3.1 Responsibilities of Licensor. Licensor will have primary responsibility for performing the following tasks and providing the following services:

 

3.1.1 Delivery. Licensor will deliver the Licensor Products in the manner set forth in Exhibit B. Unless otherwise specified in Exhibit B, or in any amendment hereto, Licensor will deliver all Licensed Products electronically to the location(s) designated by Pear. Suppler will deliver patches, updates, and upgrades to the Licensed Products in accordance with the terms set forth in a separate agreement.

 

3.1.2 Integration. Licensor will work with Pear (for a mutually agreed upon duration of at least 60 days), to integrate the Licensor Products (i.e., the customized version of the Applications into the Integrated Product); both parties will work in good faith to insure that the integration will not materially impact the core operation of the Applications. If, during the foregoing mutually agreed upon integration period, the Licensor Products do not perform in accordance with the applicable specifications therefor, or Pear is unable to integrate the Licensor Products into the Integrated Products, Pear may return the Licensor Products and Licensor will refund to Pear all amounts paid for the such Licensor Products.

 

3.1.3 Clinical Validation. Licensor will provide access to all newly created clinical data involving the Applications as well as, where feasible, access to all existing clinical data. Licensor will also provide services related to further clinical validation of the Applications in combination with drugs. Services shall specifically include the composition of grant applications for clinical validation studies, as well as assistance with any funded clinical validation studies. Costs associated with these activities shall be covered by Pear at reasonable rates to be agreed by both parties.

 

3.1.4 Enhancement Requests. Licensor and Pear shall enter into a separate agreement for any enhancement requests made by Pear.

 

3.1.5 Additional Services.
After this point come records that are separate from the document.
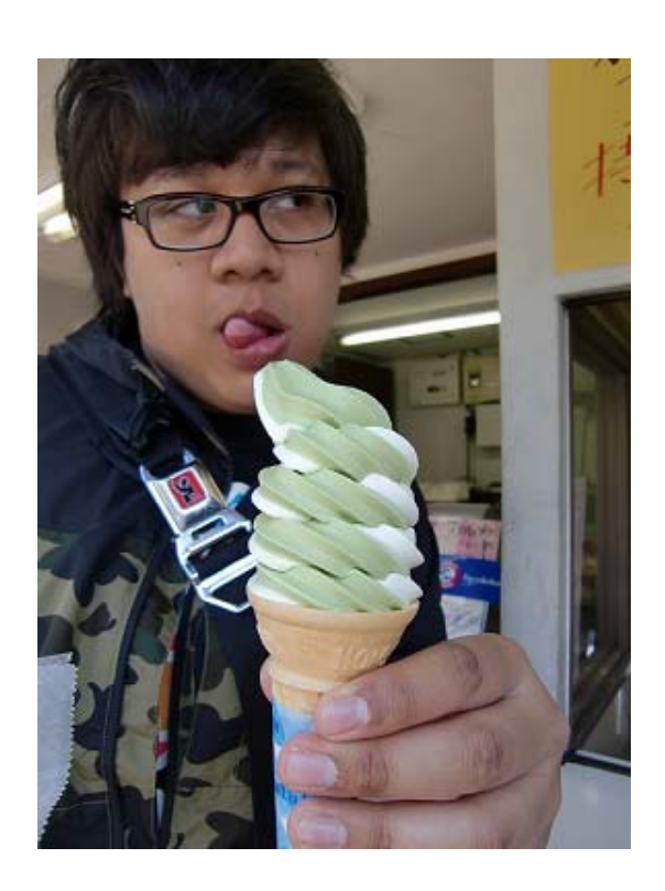
Sunday's Enoshima island. Up the hill is the shrine; there is a long line of people waiting to pray.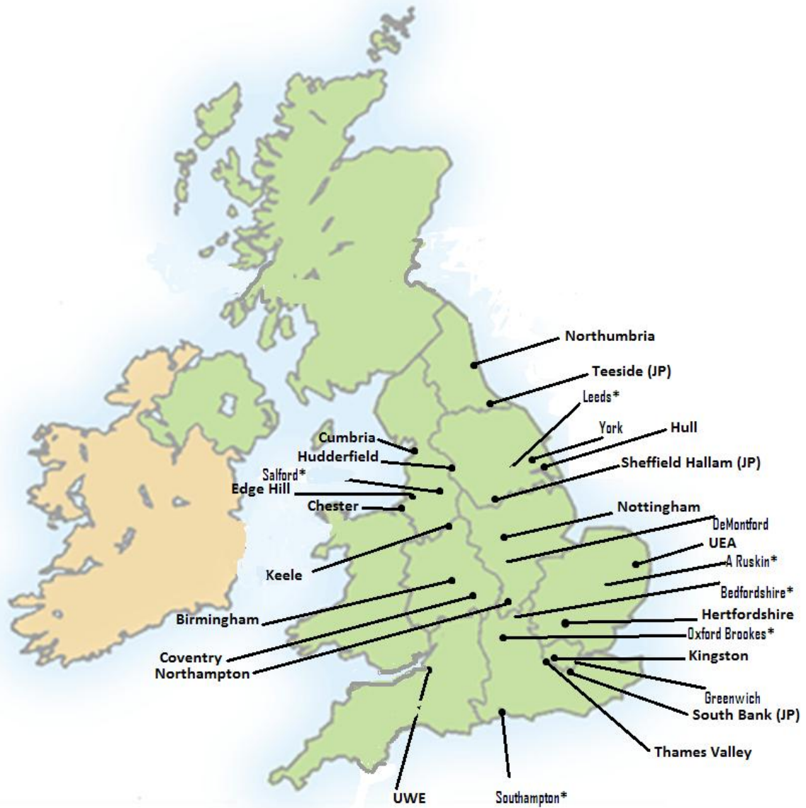
Figure 2 Topography of English Higher Education Institutions providing Learning Disability Nurse Education 8 .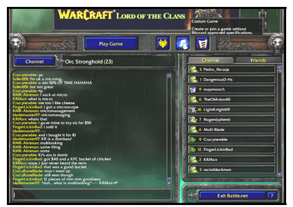
Figure 2: Battle.net, the meeting place for Warcraft III players. Players can chat, view each others' rankings, build custom games, join games, or use a matchmaking service to automatically find collaborators based on preferences.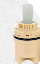
26mm upper-sealed, high bottom cartridge

Material Surface Finishing Colour Water Connection Type Of Cartridge Water Efficiency Water Consumption PUB Reg No. Package Included Warranty (T&C's Apply)

Licensor and Pear shall enter into a separate agreement for any other services requested by Pear.

 

3.1.6 Support and Maintenance. In exchange for the payment of the Support and Maintenance fees set forth in aseparate agreement, if Pear so elects, Licensor will provide Pear with the Support and Maintenance Services (collectively, "Support") more fully described in a separate agreement, which, for greater certainty, shall only consist of Tier 2 background support in relation to the Licensor Products.

 

3.2 Responsibilities of Pear. Subject to the Confidentiality provisions in Exhibit D, Pear will provide Licensor with access to any evaluations, methodology and the data produced through use of the Integrated Products that Pear's partners/licensor allow Pear to access and provide (collectively, "Product Data"); provided that, Licensor may only use such Product Data for Licensor's internal research purposes only. Without limiting the generality of the foregoing, and by way of illustration, (a) Licensor may not use any Product Data to market any end users on behalf of a competitive product or service; (b) the Product Data will not contain any personally identifiable information; and (c) such Product Data will be owned by Pear.

 

3.3 Mutual Obligations of the Parties. Unless agreed by the parties, this Agreement does not set forth any specific service level agreements for customer support. Absent further agreement, Pear will respond to any support requests arising from Users that relate specifically to the Pear Customizations or any Pear functionality or data contained in the Integrated Product. Licensor will provide customer support regarding any and all issues arising from the Licensor Products themselves in accordance with its standard support practices and levels.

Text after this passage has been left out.